Diluted bitumen is, like most any hydrocarbon, “toxic” (big surprise!), but it is not “sludge.” It meets the same requirements for “basic sediment and water” and fluidity as any other pipelined hydrocarbon (diesel, jet fuel, gasoline, etc., all of which are also “toxic”).

Mr. Sullivan quotes huge numbers for seabird kills and cleanup costs if a dilbit spill occurs, with no data sources provided and no spill size provided. This is meaningless. He also fails to mention that even in the days before double hulls, radar, GPS, coastal pilots, improved navigational aids, better marine traffic control, tethered escort tugs, we never had a crude oil tanker spill in Canada (except war years). The same is true in B.C., in our century plus of tanker operations.
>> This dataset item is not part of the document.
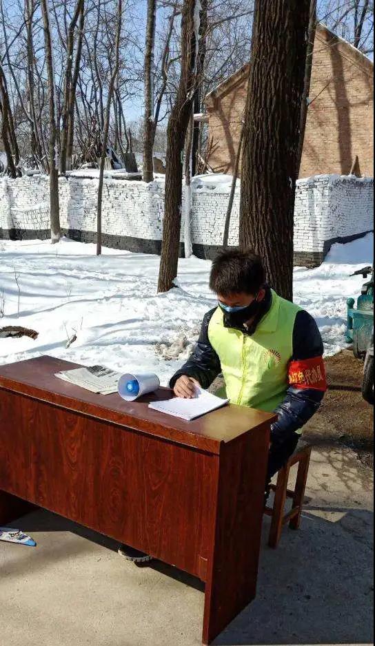 面对突如其来的疫情,寒假返乡后,我积极响应老员工回乡战疫情的号召,主动请缨,加入到本村组建的抗击疫情志愿服务队当中,保护村民的生命健康安全。我所在的村子村民达两千多人,规模较大,早晚一次的步行绕村巡逻至少需要一个小时,赶上下雪的时候,道路泥泞,手脚冻得生疼,鞋子和裤子也都是泥,一不小心就会摔倒,我和小伙伴们都丝毫不退缩,迎难而上。巡逻完毕后卡口执勤,在一个简易的大棚中开始一天的防控工作,逢人必测,逢车必查,全天候坚守。对外来人员和车辆进行排查,登记来处、目的地、车牌号、联系方式等信息;对进出人员进行体温测量,体温异常者进行劝返;进村宣传疫情防控知识,解答群众对疫情的疑惑等,用青春为村民筑起防疫长城。在防控疫情的特殊时期,虽然不能奔赴疫情防控前线,但希望能尽自己所能为家乡服务,为村民保驾护航。

Yes, a spill could happen, but it seems a bit premature to set our hair on fire.

The claim (attributed to B.C. Green Party leader Andrew Weaver) that the Kinder Morgan project produces only 90 permanent jobs is grossly misleading. It ignores the many permanent jobs from the expansion of Western Canada Marine Response Corp. (the spill response outfit), thousands of construction jobs in B.C. and Alberta, dozens of marine jobs for more escort tugs, and the huge number of construction and permanent jobs in Alberta for bitumen production and in the rest of the country, including B.C., for manufacturing equipment for operations in Alberta and along the line.

The most bizarre claim might be the one that because the existing pipeline is 60 years old, “the dammed thing needs to be replaced anyway.” Poppycock.

In the pipeline business, we inspect lines regularly by a number of methods, in case their lining or electronic cathodic protection allows unacceptable corrosion. If it does, we replace sections. For example, (Enbridge’s Line 5) that passes through Michigan to Sarnia, Ont. was installed in the 1940s and was still going strong when I left in 1994. Hundreds of lines are older than Kinder Morgan’s Trans Mountain pipeline.

I would suggest that Mr. Sullivan research his subject further before he writes about it again. Perhaps a little more perspective and balance is in order?

John Hunter
North Vancouver


Full disclosure: Letter-writer John Hunter is a professional engineer with more than 50 years in the energy business in six countries. He has worked for dozens of energy and engineering companies including Trans Mountain Pipeline.